Prove that the equation $$ az^3-z+b=e^{-z}(z+2) $$ has two solutions in the right half-plane $\{z\in\mathbb{C}\,:\,\Re z>0\}$ when $a>0$ and $b>2$.
This is an old qualifying exam question. I'm sure it uses Rouché's theorem somehow, but I can't quite figure it out. From my experience, the way Rouché's theorem works is that you basically create an equation that you know has the right number of zeroes by adding/subtracting terms from your original equation, then compare it to your original. The problem is I can't create an equation which has the number of zeroes I want. The best choice I have is comparing it to $az^3-z+b$, but after I would even show that it has the same number of zeroes as $az^3-z+b-e^{-z}(z+2)$, I would have to somehow justify that $az^3-a+b$ has $2$ zeroes in the right half-plane.
I also considered using the conformal map $z\mapsto\frac{1-z}{1+z}$ and working with the unit disk as the domain which I generally find to be easier to work with (as opposed to using some arbitrarily large rectangle), but it doesn't seem to help.
Any help is greatly appreciated. Thanks in advance.

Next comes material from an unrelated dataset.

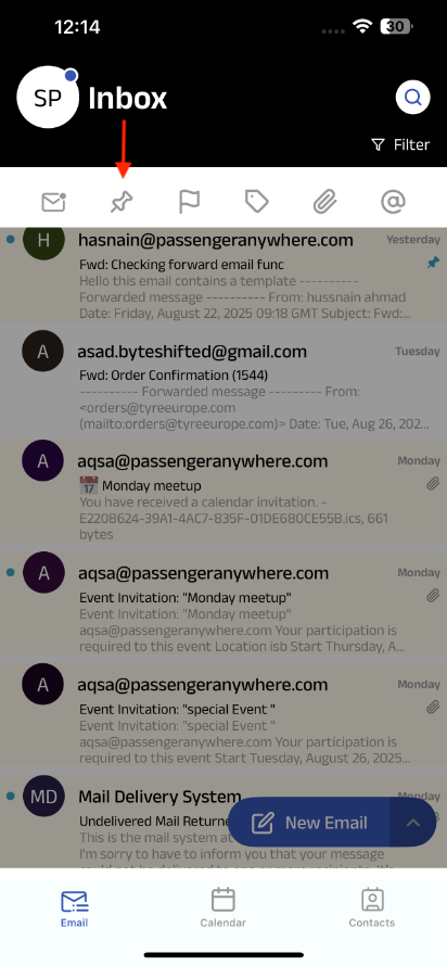 Click on the filter icon and select “Pinned” option to confirm. The email will now be highlighted as pinned, making it easier to spot when scanning your inbox.

Comparing to $f(z)=az^3-z+b$ will work for you since $f$ has two roots in the right half-plane, which we can prove as follows. First, this function must have a negative real root since $f(0)=b>0$ and $\lim_{z\to -\infty}f(z)=-\infty$. Using Vieta's formula for the coefficient of $z^2$ (here $0$), given roots $p_1,p_2,p_3$ we must have $p_1+p_2+p_3=0$ so $\Re p_1+\Re p_2+\Re p_3=0$. Vieta's formula also gives $p_1p_2p_3=-\frac{b}{a}<0$. This means that if $p_1<0$, neither $p_2$ nor $p_3$ can be negative real numbers because the negativity of one would contradict the negativity of $p_1p_2p_3$ and the negativity of both would contradict $p_1+p_2+p_3=0$. Thus either $p_1<0<p_2<p_3$ (so we are done), or $p_2$ and $p_3$ have nonzero imaginary part and thus $p_3=\overline{p_2}$. But then $\Re p_1+\Re p_2+\Re p_3=p_1+2\Re p_3=0$, so $\Re p_2=\Re p_3=-\frac{1}{2}p_1>0$, proving the claim.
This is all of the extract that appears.